Harpsund is a manor house located in Flen Municipality, Södermanland County, Sweden.

Since 22 May 1953, Harpsund has been used as a country retreat for the prime minister of Sweden.

==History==
The earliest known mention of Harpsund dates from 1380 when seneschal Bo Jonsson (Grip) acquired property at Harpsund by swapping land with Joon Skräddare. Axel Stålarm, president of Göta Court of Appeal and county governor, changed its name to Axelsberg when he inherited the property in 1647. He also moved the buildings on the property to their current location on the northern, more sheltered side of Harpsund Bay.
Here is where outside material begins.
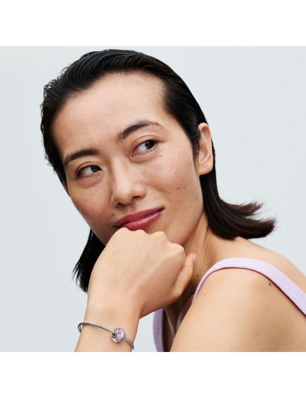 Charm Pandora Cristal Rosa Envuelto 793241C00 Fabricado en plata de ley 925 mls y cristal de murano de color rosa. Tiene tres años de garantía.
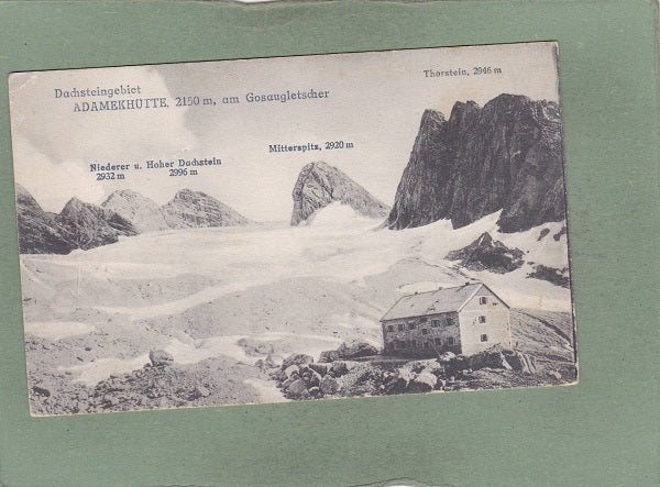 AK Dachsteingebiet. Adamekhütte am Gosaugletscher. Ungelaufen. Kleinformat. Verlag: Brandt. 1912. Nummeriert: 4946. Zustand: linkes oberes und rechtes unteres Eck geknickt, sonst O.K.

The oldest parts of the current mansion are from the 17th century and the Stålarm era. The Sparre family took over in 1784 and continued to own Axelsberg until 1899 when a member of the Wicander family bought it together with a business partner. Industrialist Hjalmar Wicander later bought the property from his cousin's widow and took back its old name Harpsund. At this time, the buildings were in a bad condition and the existing main building had to be torn town and rebuilt. The new main building was designed by Otar Hökerberg and was completed in 1914.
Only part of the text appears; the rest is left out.